SARL JLDE : les deux terrains à bâtir cédés […] faisaient partie, au moment de leur acquisition, d’une seule et même unité foncière supportant une maison d’habitation. Ces terrains avaient donc, au moment de leur acquisition, la qualité d’immeuble bâti, et non de terrain à bâtir. La circonstance que ces terrains étaient déjà, au moment de la vente, constructibles au regard de la législation d’urbanisme en vigueur est à cet égard sans incidence. De même, le fait que la division de l’unité foncière a été autorisée préalablement à la vente est également sans incidence sur la qualification de ces terrains, dès lors que ceux-ci n’ont pas été acquis séparément […].

SASU Immotelli : le terrain à bâtir cédé […] faisait partie, au moment de son acquisition, d’une seule et même unité foncière supportant une maison d’habitation. […] Ce terrain avait donc, au moment de son acquisition, la qualité d’immeuble bâti, et non de terrain à bâtir. La circonstance que la maison d’habitation n’a pas été démolie est à cet égard sans incidence sur le changement de qualification juridique de ce terrain entre son acquisition et sa revente.

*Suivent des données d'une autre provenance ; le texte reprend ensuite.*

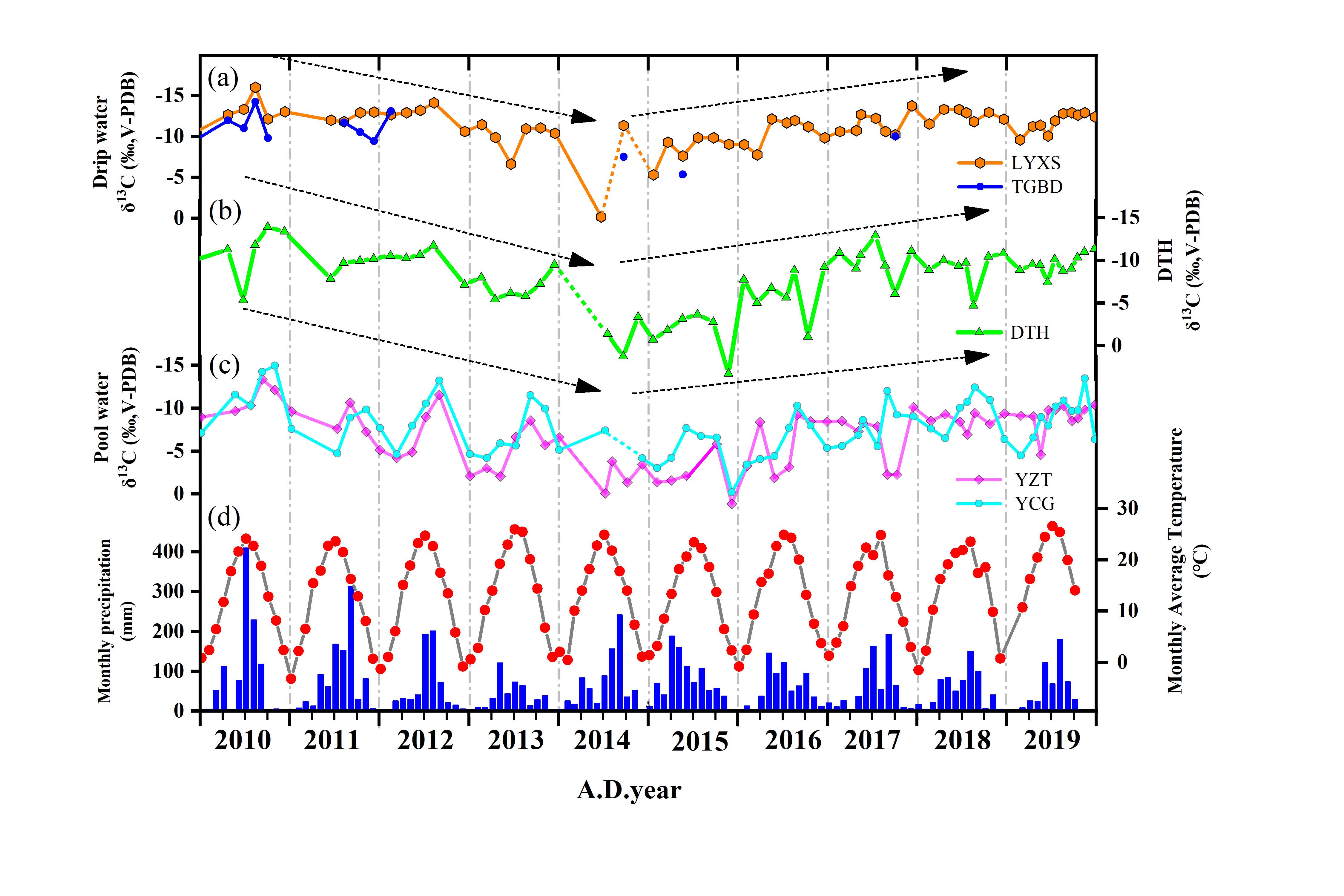 2020年12月11日,国际著名水文学期刊Journal of Hydrology (TOP期刊)在线发表了yl23411、岩溶环境重庆市重点实验室杨琰教授所带领的研究小组的最新科研成果。洞穴监测可以厘清碳同位素信号在岩溶关键带中的传输过程,对揭示岩溶系统碳同位素的影响因素及其运移机制有重要意义。但是碳同位素影响因素复杂,需要通过多年监测以及近百年高分辨石笋记录来揭示不同尺度气候变化对δ13C记录的影响。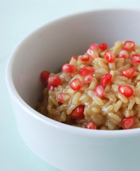 Preparazione della salsa: nel frattempo aprite il melograno. Mettete da parte un po’ di chicchi per la guarnizione. Spremete il melograno rimanente con uno spremi-agrumi o uno schiaccia-patate. Tenete da parte il succo di melograno. Quando il riso è quasi cotto aggiungete il succo di melograno e regolate di sale se necessario. Mescolate bene per far amalgamare il succo al riso.

SARL KLA Promotions : chaque terrain à bâtir cédé […] faisait partie, au moment de son acquisition, d’une seule et même unité foncière supportant une maison d’habitation. Ces terrains avaient donc, au moment de leur acquisition, la qualité d’immeuble bâti, et non de terrains à bâtir dès lors que ceux-ci n’ont pas été acquis séparément de la maison. De la même façon […] le fait qu’un document d’arpentage faisant apparaître les divisions parcellaires a été enregistré avant l’acquisition du bien est sans incidence sur la qualification des terrains au moment de leur acquisition.

EURL Boussard Michel : les terrains à bâtir cédés […] faisaient partie, au moment de leur acquisition, d’une seule et même unité foncière supportant une maison d’habitation. Ces terrains avaient donc, au moment de leur acquisition, la qualité d’immeuble bâti et non de terrains à bâtir. La circonstance que les actes de vente de plusieurs de ces terrains faisaient état d’une condition suspensive liée à la division de ces terrains est sans incidence sur la qualification de ces terrains, dès lors que ceux-ci n’ont pas été acquis séparément par la société.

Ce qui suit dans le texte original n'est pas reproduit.